▸ Work to complete
Beginning with the line containing "The District Chief" and ending with the line containing "テーラードカラーでも、落ち感のある柔らかい素材が女性らしさも。", write out each line of the records below exactly; pictures and lines outside that range are left out.

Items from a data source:

────────

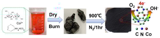 As displayed in Figure 1, sugar powder (3 g), NH4HCO3 (0.8 g), melamine (2.4 g), Co(NO3)2.6H2O (0.1 g) were mixed with purified water to prepare a solution, which was then dried, ground in a mortar, and burned to obtain a snake-like foam ash. The ash was then pyrolyzed in a tubular furnace with a nitrogen stream of 60 mL min−1 at 900 °C for 1 h with a rate of temperature increase of 5 °C min−1. A black carbon material (Co/N-C-900) was obtained when the furnace was cooled to room temperature. The temperature–time curve is presented in Figure S1 in the Supplementary Materials (ESI). The Co/N-C was also prepared with pyrolyzing temperatures of 800 (Co/N-C-800) and 1000 °C (Co/N-C-1000) to investigate the influence of the pyrolyzing temperature on catalytic activity.
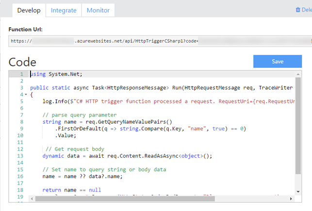 Codeのテキストエリアで直接コードを編集します。編集が終わったらSaveしましょう。(C#の場合、Saveした後コンパイルが行われます)
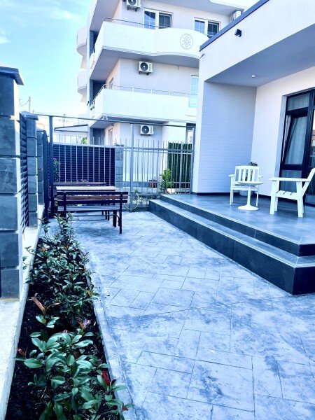 В ванной комнате: Современная сантехника, душевая кабина, туалетные принадлежности, махровые полотенца, фен. Уличная мебель на балконе. Сушилка для белья. Стиральная машинка. В комплексе есть прачечная и место для глажки белья.
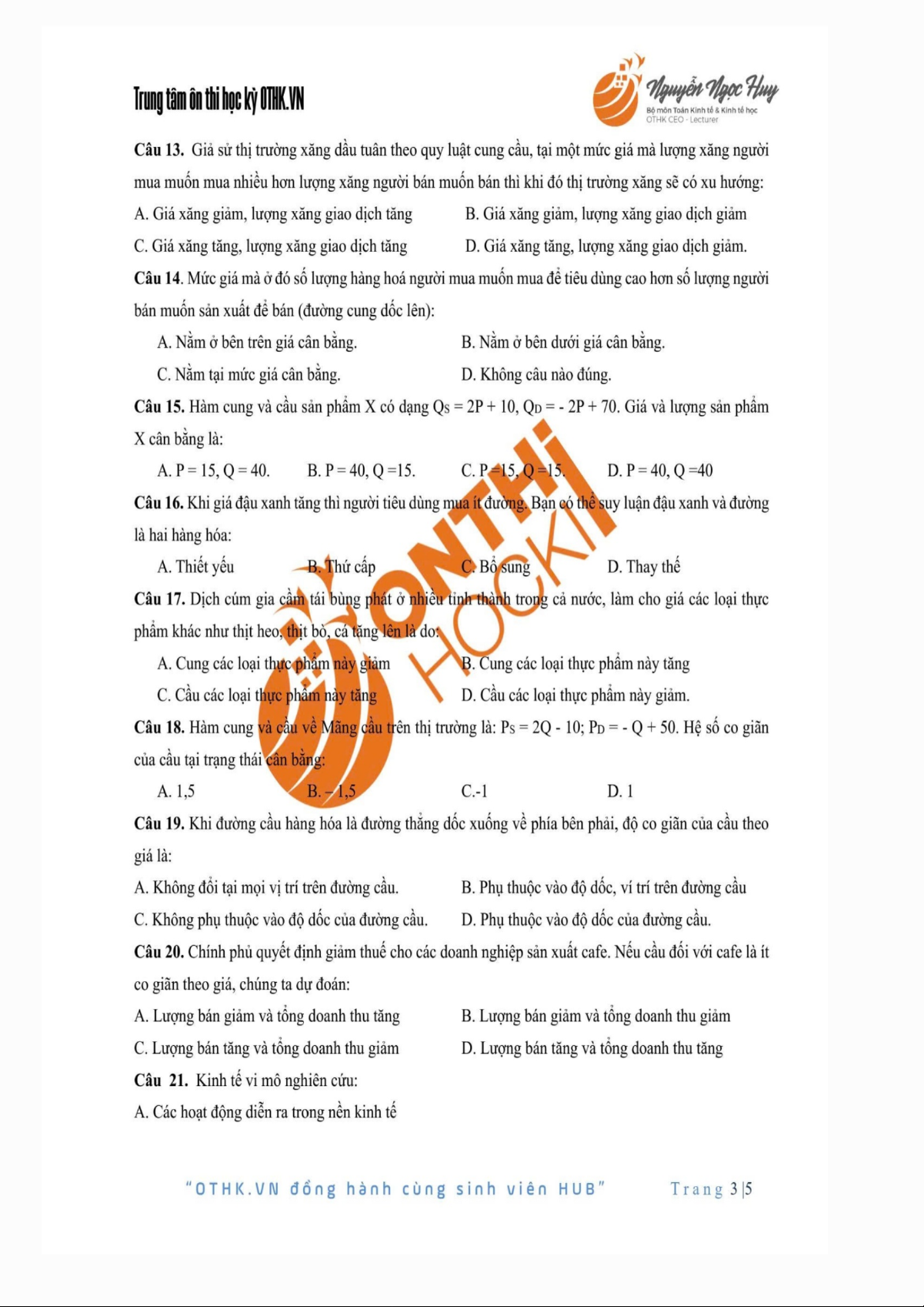 Câu 19: Giả sử cho hàm số cung cầu của sản phẩm nước khoáng thiên nhiên
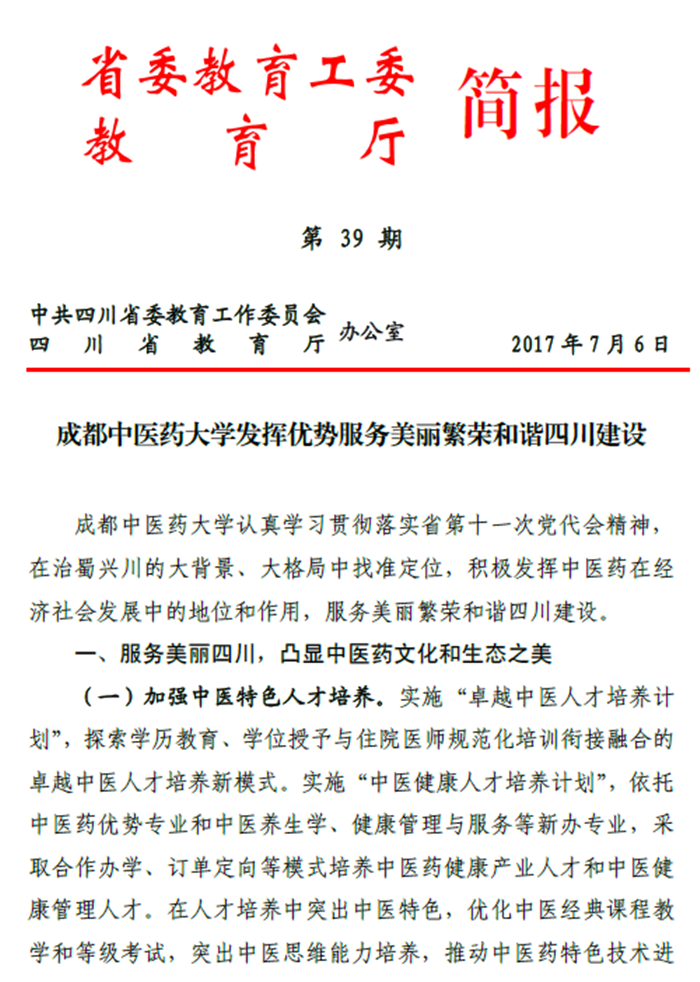 (三)搭建中医药文化发展研究平台。办好四川省高校人文社科重点研究基地——四川中医药文化协同发展研究中心,依托学校在中医药传统文化研究、教学方面的底蕴,借助现代时尚的媒介传播手段和设计理念,弘扬和发展中医药文化。
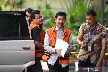 Tersangka Mantan Bupati Solok Selatan Sumatera Barat Muzni Zakaria (kedua kanan) dan mantan anggota DPRD Kota Bandung Tomtom Dabbul Qomar (kiri) berjalan memasuki ruangan untuk menjalani pemeriksaan di Gedung KPK, Jakarta, Jumat (14/2/2020). KPK memeriksa Muzni Zakaria sebagai tersangka terkait kasus dugaan suap proyek pembangunan infrastruktur Jembatan Ambayan dan Masjid Agung di Solok Selatan, sementara Tomtom Dabbul Qomar diperiksa terkait suap pengadaan tanah untuk Ruang Terbuka Hijau (RTH) di Pemerintah Kota Bandung pada tahun 2012 dan 2013 yang menyebabkan kerugian keuangan negara sebesar Rp69 miliar. ANTARA FOTO/M Risyal Hidayat/aww.
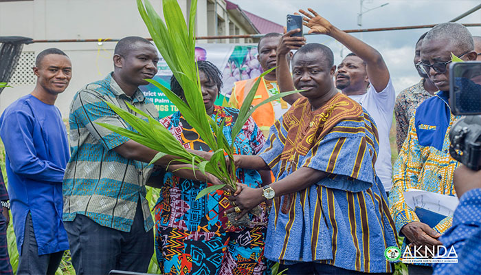 The District Chief Executive – Hon. Emmanuel Jackson Agumah – in collaboration with the District Agriculture Department has distributed oil palm and coconut seedlings to farmers within the district.
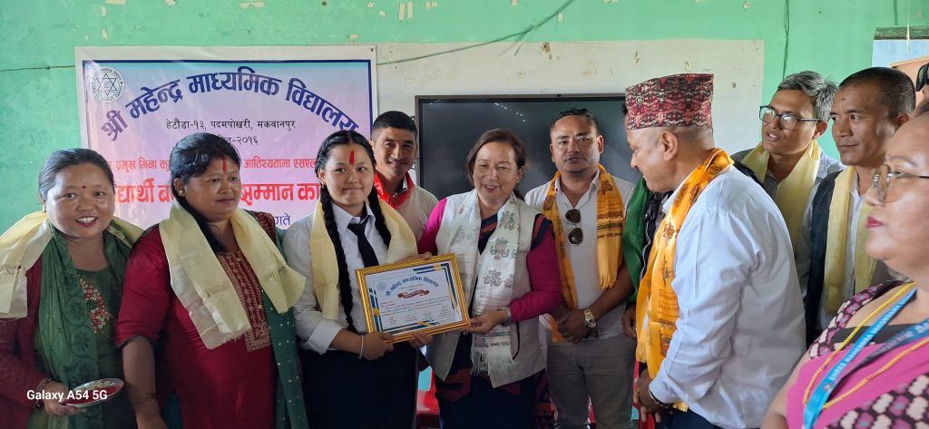 वि.सं. २०८० को एसईई तथा १० जोड २ परिक्षामा उत्कृष्ट अंकसहित उतिर्ण भएका विद्यार्थीहरुलाई स्वागत तथा बिदाई कार्यक्रम गरिएको हो । बुधबार विद्यालय परिसरमा आयोजित कार्यक्रममा हेटौंडा उपमहानगरपालिकाकी नगर प्रमुख मीनाकुमारी लामाले विद्यार्थीहरुलाई सम्मान गरेकी थिईन् ।
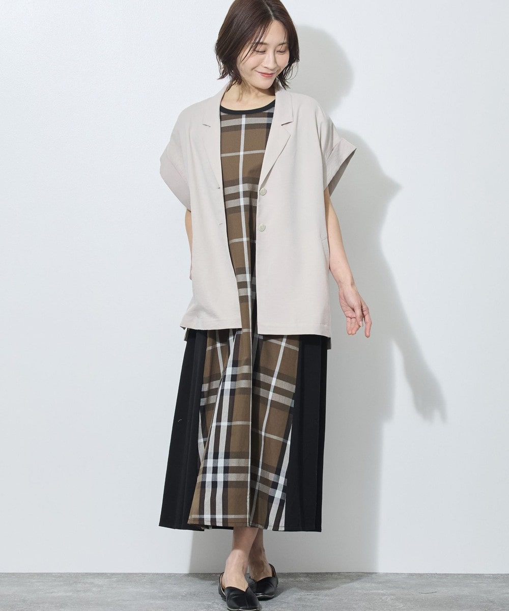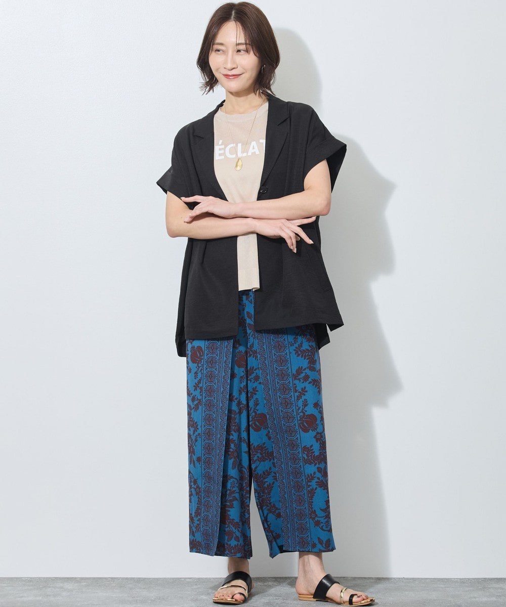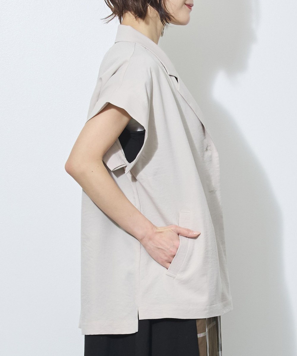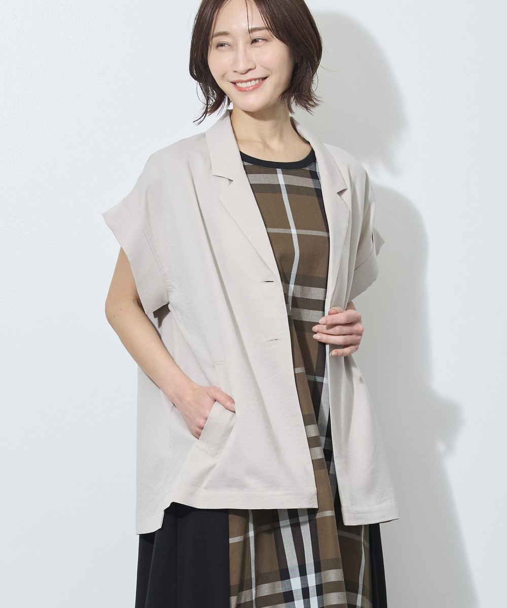 テーラードカラーでも、落ち感のある柔らかい素材が女性らしさも。
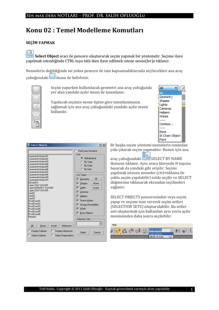 3ds max ders NOTLARI – PROF. DR. SALİH OFLUOĞLu Konu 02 : Temel Modelleme Komutları SEÇİM YAPMAK Select Object aracı ile pencere oluşturarak seçim yapmak bir yöntemdir. Seçime ilave yapılmak istendiğinde CTRL tuşu tıklı iken ilave edilmek istene nesne(ler)e tıklanır. Nesnelerin değildiğinde mi yoksa pencere ile tam kapsamadıklarında seçilecekleri ana araç çubuğundaki ikonu ile belirlenir. Seçim yaparken kullanılacak geometri ana araç çubuğunda yer alan yandaki açılır menü ile tanımlanır. Yapılacak seçimin nesne tipine göre tanımlanmasını sağlamak için ana araç çubuğundaki yandaki açılır menü kullanılır. Br başka seçim yöntemi nesnelerin ismindan yola çıkarak seçim yapmaktır. Bunun için ana araç çubuğundaki SELECT BY NAME ikonuna tıklanır. Aynı araca klavyede H tuşuna basarak da yandaki gibi erişilir. Seçimi yapılmak istenen nesneler (ctrl+tıklama ile çoklu seçim yapılabilir) solda seçilir ve SELECT düğmesine tıklanarak ekrandan seçilmeleri sağlanır. SELECT OBJECTS penceresinden veya seçim yapıp ve seçime isim vererek seçim setleri (SELECTION SETS) oluşturulabilir. Bu setler seti oluşturmak için kullanılan aynı yerin açılır menüsünden daha sonra seçilebilir: Telif Hakkı . Copyright © 2011 Salih Ofluoğlu ‐ Kaynak gösterilmek suretiyle alıntı yapılabilir 1 3ds max ders NOTLARI – PROF. DR. SALİH OFLUOĞLu Transformasyon işlemleri SEÇ VE TAŞI (SELECT AND MOVE) İŞLEMİ Seç ve taşı aracıyla nesne üzerine tıklanır ve üzerinde eksenler olan gizmo adı verilen sembol belirir. İstenen eksende fareyi basılı tutup hareket ettirerek nesnenin o eksen üzerinde hareket etmesi sağlanabilir. Seçilen eksenin rengi sarı olacaktır. Belirli bir mesafe girerek nesne hareket ettirilmek istenirse, MOVE aracı üzerine sağ tıklanarak transform penceresinde Absolute (kesin) veya Offset (göreceli) olarak istenen eksen(ler) için hareket ettirme mesafesi girilebilir. Absolute mesafe alırken ekrandaki gerçek orijin noktasını refereans alır ve şeklin taşınacağı konumun orijine göre koordinatlarının tanımlanmasını zorunlu kılar. Daha sık kullanılan ve daha kolay olan Offset seçeneği için ise şeklin bulunduğu nokta orijin kabul edildiği için sadece hareket ettirme mesafesinin girilmesi yeterlidir. Diğer hareket ettirme yöntemi ekranın altında yer alan yandaki alandan gerçekleştirilebilir. Burada da başta yer alan simgesi hareketi Absolute değerlerle, aynı ikona bir kez daha basarak çıkan simgesi ise Offset değerlerle göre tanımlama imkanı verir. NOT1: Nesneler pivot noktalarından referans alınarak hareket ettirilir. NOT2: Çalışılan nesne dışında başka bir nesne üzerinde işlem yapmayı engellemek için SELECTION LOCK TOOGLE düğmesine tıklanır. Bu düğmeye tekrar tıklanmadan diğer nesneler üzerinde işlem yapılamaz. Bu özellik SPACE tuşuna basıldığında da devreye girmektedir. ABSOLUTE MODUNDA TAŞIMA mevcut konum taşındığı konum Telif Hakkı . Copyright © 2011 Salih Ofluoğlu ‐ Kaynak gösterilmek suretiyle alıntı yapılabilir 2 3ds max ders NOTLARI – PROF. DR. SALİH OFLUOĞLu ABSOLUTE MODDA TAŞIMA OFFSET MODUNDA TAŞIMA mevcut konum taşındığı konum NOT: Gizmo bir sebeple ekrandan kalktığında geri getirmek için aşağıdaki işlem yapılır: SNAP AYARI İLE NESNELERİ BİRBİRİNE GÖRE DÜZENLEMEK Nesneleri birbirlerine göre konumlandırırken, ekran üzerindeki yerlerine ve büyüklüklerine karar verirken SNAP ayarlarından faydalanılır. Snap seçeneklerinin aktif olabilmesi için SNAP TOGGLE düğmesindeki ayarlardan ilgili olanının aktif olması gerekir. S tuşuna basarak da aktif yapılabilir. SNAP TOOGLE kısmında yer alan seçenekler şu şekildedir: Objelerin üzerinde her 2D ve 3D olmak üzere her yönde seçim yaptırır. Bir 3D noktanın grid düzlemi üzerinde uzantısına snap yapar. Örneğin aşağıda plan ekranında bir 3D nokta seçilerek bunun uzantısından başlayan yeni bir şekil myedana getirilmiştir. Telif Hakkı . Copyright © 2011 Salih Ofluoğlu ‐ Kaynak gösterilmek suretiyle alıntı yapılabilir 3 3ds max ders NOTLARI – PROF. DR. SALİH OFLUOĞLu Yukarıdaki işlem 2D snap iele yapıldığında üstteki nokta seçilemeyecektir. 3D snap ile yapıldığında ise sonraki işlem nokta ile aynı yüzeyde gerçekleşecektir. Sadece grid düzleminde seçim yaptırır. Z yönünde yakalama yapmaz. En sık kullanılan bazı snap seçenekleri: Grid Points: Grid çizgi noktalarına göre snap yaptırır. Vertex: Nesnelere ait uç/köşe noktaları referans alarak konumlandırılmalarını sağlar. Edge/Segment: Kenarlar segmentleri seçmeye yarar. ve Telif Hakkı . Copyright © 2011 Salih Ofluoğlu ‐ Kaynak gösterilmek suretiyle alıntı yapılabilir 4 3ds max ders NOTLARI – PROF. DR. SALİH OFLUOĞLu End Point: Çizgi uç noktalarından seçim yaptırır. Mid Point: Orta noktadan seçtirir. Pivot: Bir şekile ait pivot noktasından yakalayıp diğer şekilin pivot noktasına taşır. Daha az kullanılanlar: Center Face: Yüzeyin merkezinden seçtirirek bu noktadan hareket etmesini sağlar. Perpendicular: Genellikle iki boyutlu şekiller çizerken bir nesnenin diğer nesneye göre dik açıda olmasını sağlarllanılır. Aşağıda Line aracı ile birlikte kullanılabilir. Grid Lines: Grid noktaları haricinde grid çizgileri üzerinde hareket edilmesini sağlar. Bounding Box: Küp dışındaki bazı şekillerin kapladıkları çerçeve alanlarına göre seçim yapılmasını sağlar. Tangent: Ağırlıklı olarak iki boyutlu şekillerde kullanılır. Bir şekli Telif Hakkı . Copyright © 2011 Salih Ofluoğlu ‐ Kaynak gösterilmek suretiyle alıntı yapılabilir 5 3ds max ders NOTLARI – PROF. DR. SALİH OFLUOĞLu diğerinin teğetine taşımaya yarar. DÖNDÜRME (ROTATE) İŞLEMİ simgesine basılarak şekle tıklanır, ekranda beliren döndürme gizmosu yard

────────

▸ Answer space
 The District Chief Executive – Hon. Emmanuel Jackson Agumah – in collaboration with the District Agriculture Department has distributed oil palm and coconut seedlings to farmers within the district.
 वि.सं. २०८० को एसईई तथा १० जोड २ परिक्षामा उत्कृष्ट अंकसहित उतिर्ण भएका विद्यार्थीहरुलाई स्वागत तथा बिदाई कार्यक्रम गरिएको हो । बुधबार विद्यालय परिसरमा आयोजित कार्यक्रममा हेटौंडा उपमहानगरपालिकाकी नगर प्रमुख मीनाकुमारी लामाले विद्यार्थीहरुलाई सम्मान गरेकी थिईन् ।
 テーラードカラーでも、落ち感のある柔らかい素材が女性らしさも。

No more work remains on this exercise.